By Jody Record, Media Relations
December 6, 2006
Denise Blaha has a philosophy about climate change that goes like this: everyone is part of the problem so everyone should be part of the solution.
Those aren’t just words. Blaha, a research associate at the Institute of Earth, Ocean and Space, has been giving talks on climate change to middle and high school students for more than a year now. She has also taken steps that led to the reduction of her family’s annual carbon dioxide emissions by 25,000 pounds.
And now, she and a woman she met through one of her global warming presentations are daring the entire state to do the same with their newly-formed New Hampshire Carbon Challenge.
In August, Blaha was asked to address a women’s group in Barrington. Afterward, Julia Dundorf, who had hosted the event, urged the women to follow Blaha’s example and lower the carbon emissions in their own households.
“The emails that flew back and forth over the next few days were amazing,” Blaha says. “People really understood the seriousness of climate change and they were willing to make changes.”
Blaha’s own efforts have netted her a $250 savings in her electric bill. More importantly, she says, it has made her feel like she is being part of the solution. Here’s how:
She started by finding an online carbon calculator (There are many. Google “carbon calculator”). After filling in the applicable information—i.e., the number of rooms in her house; its heat source; the types of cars she and her husband drive; their annual mileage—Blaha learned they were emitting about 56,000 pounds of carbon dioxide a year.
“That’s lower than the New Hampshire average (80,000 pounds) and the U.S. average but still, I felt we could do better,” Blaha says. “Once I had a number, I tried to devise a strategy to get it lower.”
First, she figured the carbon emissions for the Toyota Matrix she drives and learned it was10,500 pounds. Knowing that she could cut 150 pounds for each compact fluorescent light bulb she used, Blaha changed all the bulbs in her house. When that wasn’t enough, she decided to switch the light bulbs of her friends and neighbors.
“I’d show up and say, ‘I’m here to change your light bulbs,” Blaha says. “I brought all the bulbs with me; it wasn’t a hard sell. In two or three weeks, I’d found homes for 70 light bulbs.”
Once she’d offset the emissions generated by her car, Blaha sought to cancel out the 12,000 pounds emitted by her husband’s car. To do that, she spent $40 on a carbon offset. The goal of a carbon offsets is to “undo” the effects of global warming by investing in such projects as reforestation and wind farms. They can be bought by anyone.
Blaha chose TerraPass (terrapass.com), a group working on large-scale energy projects. Other carbon offset companies are listed on the New Hampshire Carbon Challenge brochure (http://eos-webster.sr.unh.edu/nhcarbonchallenge.pdf ). She also turned her thermostat down a few degrees and saved 1,400 pounds of carbon emissions and about $135 a year.

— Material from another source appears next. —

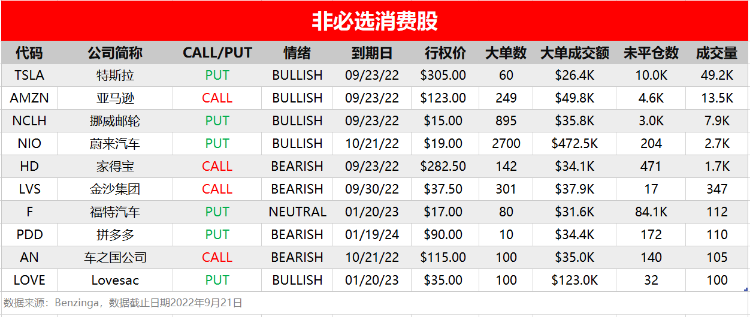 重点动态:美联储加息节奏下,新能源车板块大跌,蔚来汽车隔夜大跌10.34%报18.3美元,于10月21日到期、行权价19美元的看跌期权出现异动大单,成交2700张,总成本47.2万美元,为当日该期权链主要贡献者。

Washing laundry in cold water saves about 500 pounds of carbon dioxide; weather-stripping, 650 pounds and reducing garbage through recycling, about 1,200 pounds.
“Most of this is a matter of education. I believe anything is possible, you just have to get the word out, show people there’s a problem and there’s a solution to solve it,” Blaha says. “We may only have 10 or 20 years to reduce the carbon tipping point before we can’t do anything about global warming,”
Now, Blaha and Dundorf are putting together a steering committee to help decide how to move the NH Carbon Challenge forward. There are plans for a web site with a carbon calculator and information on carbon offsets. Blaha calls the whole notion a “work-in-progress.”
“It’s a little daunting. I’ve never done anything
like this,” she says. “But I hope we can get people
involved and eventually, be a model for other states.”